Objective To explore current results after staged operations in patients with functional single ventricle anomalies and pulmonary hypertension. Methods We retrospectively analyzed the clinical data of 129 patients with functional single ventricle anomalies and pulmonary hypertension undergoing pulmonary artery banding in our hospital between April 2008 and December 2015. There were 81 males and 48 females. There were 71 patients with double outlet of right ventricle, 17 patients with tricuspid atresia, 7 patients with transposition of great arteries, 33 patients with uni-ventricular heart, and one patient with complete atrio-ventricular septal defect. The surgical results, transition to Glenn procedure and subsequent transition to Fontan procedure were analyzed.
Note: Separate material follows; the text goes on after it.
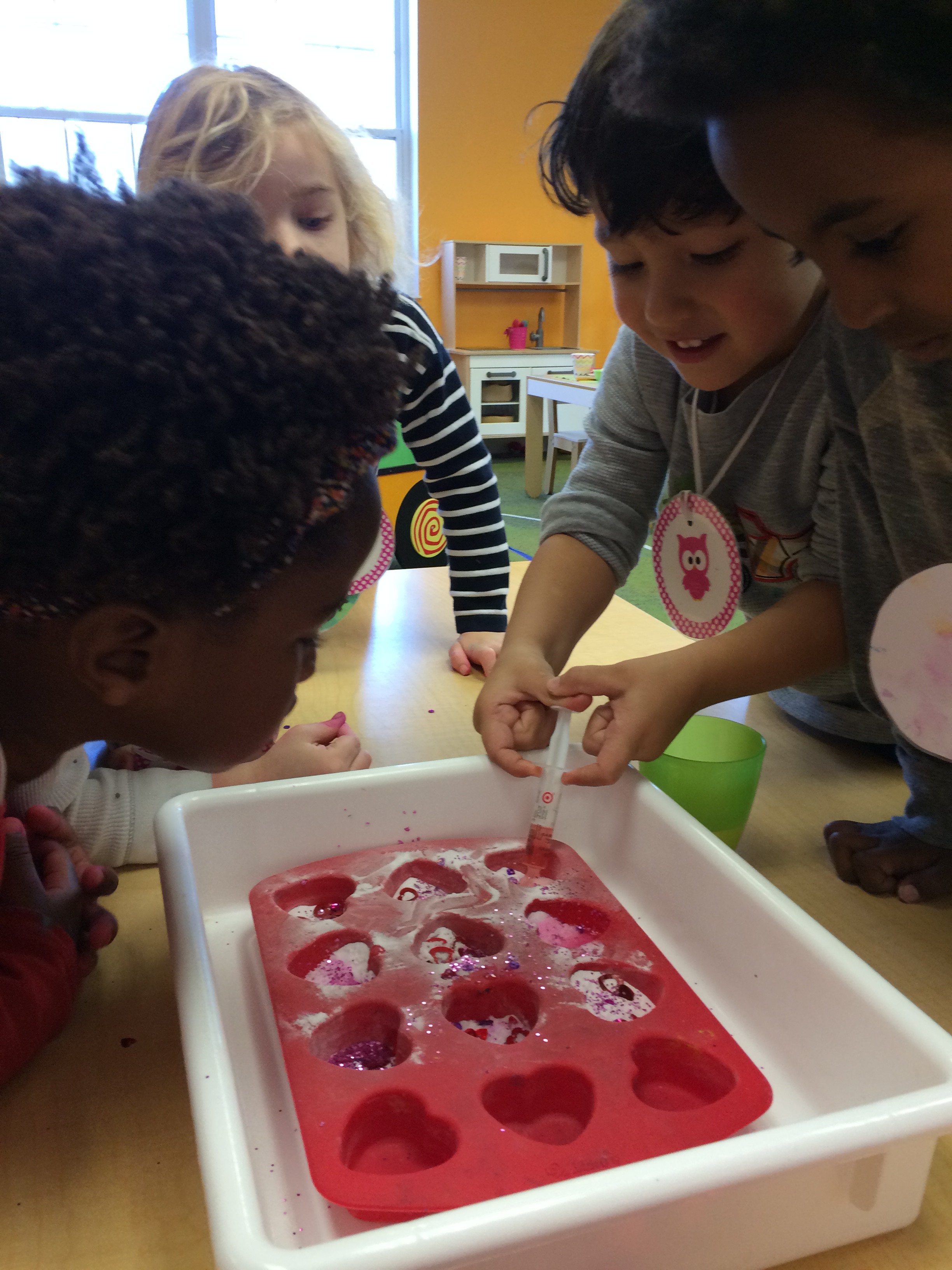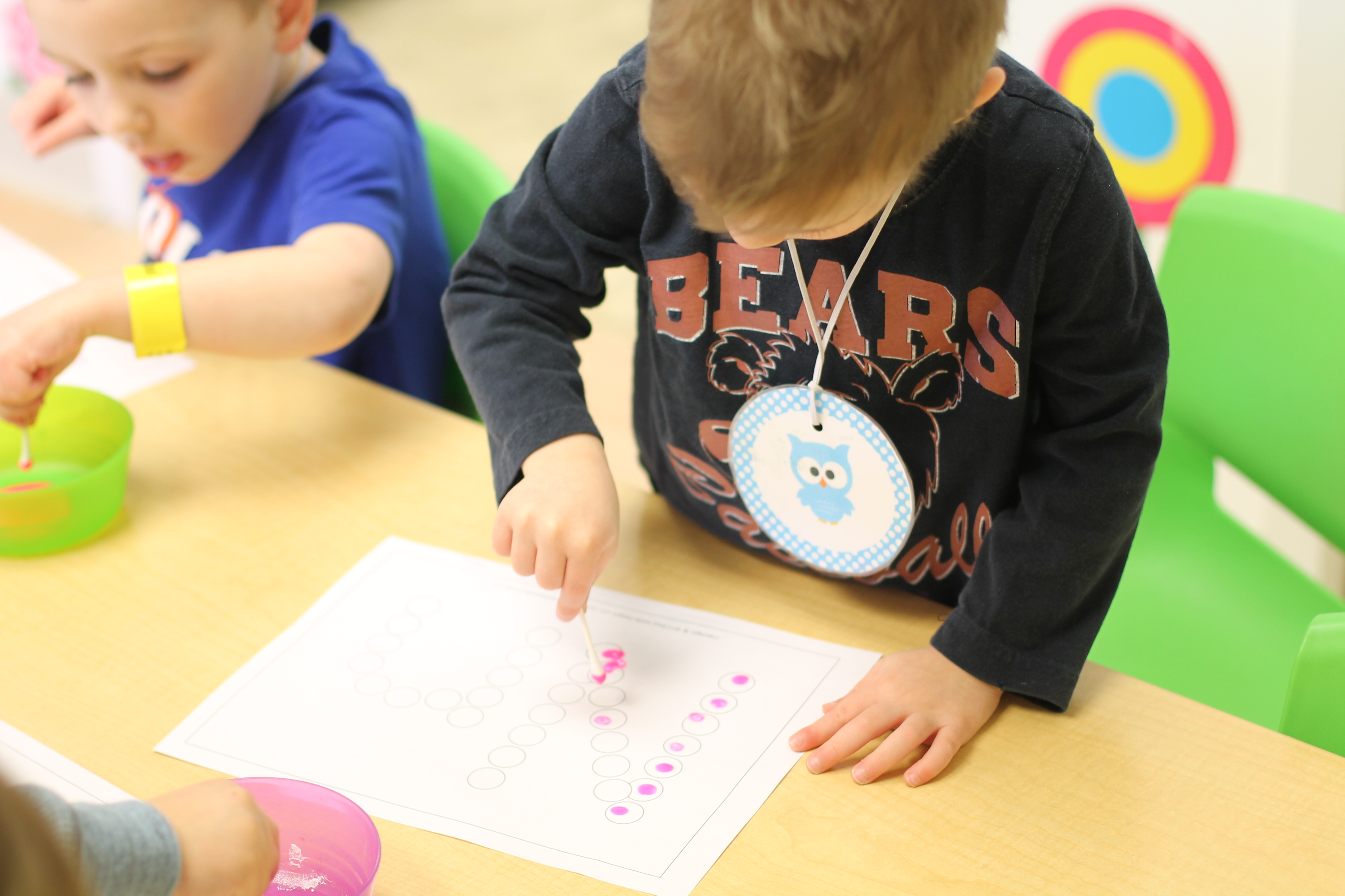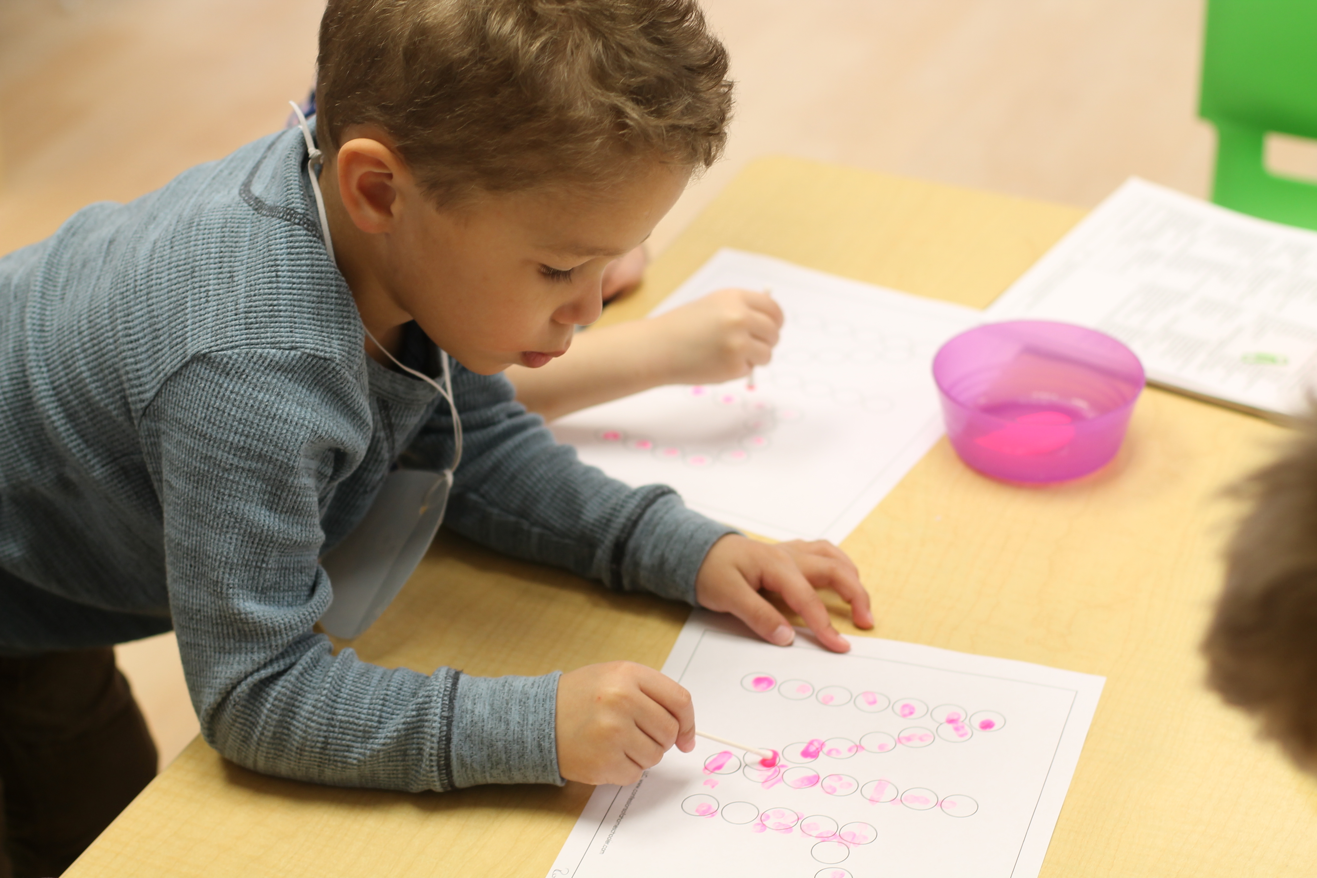 We practiced forming the first letter in our names with paint and Q-tips.

Results The 129 patients underwent 159 operations of pulmonary artery banding totally. Hospital mortality was 4.7% (6/129). Nine patients were lost to follow-up. Eighty-seven (67.4%) patients underwent the second-stage Glenn procedure, and 43 patients(33.3%) underwent third-stage Fontan procedure. Two patients died after Glenn and 3 patients died after Fontan separately. There were 32 patients who accompanied with coarctation, interruption of aortic arch, heterotaxy, total anomalous pulmonary venous connection or atrio-ventricular valve regurgitation. Fifteen (46.9%) patients succeeded in transition to Glenn, and 6 (18.8%) patients succeeded in transition to Fontan. Fourteen patients developed obstruction of left ventricular outlet tract or bulbo-ventricular foramen. Conclusion Early pulmonary artery banding is an acceptable strategy for patients with single ventricle anomalies and pulmonary hypertension. Outcomes and results of subsequent Glenn and Fontan procedures are generally good. Accompanied complex anomalies are risk factors for lower ratio of transition to Glenn and Fontan procedure.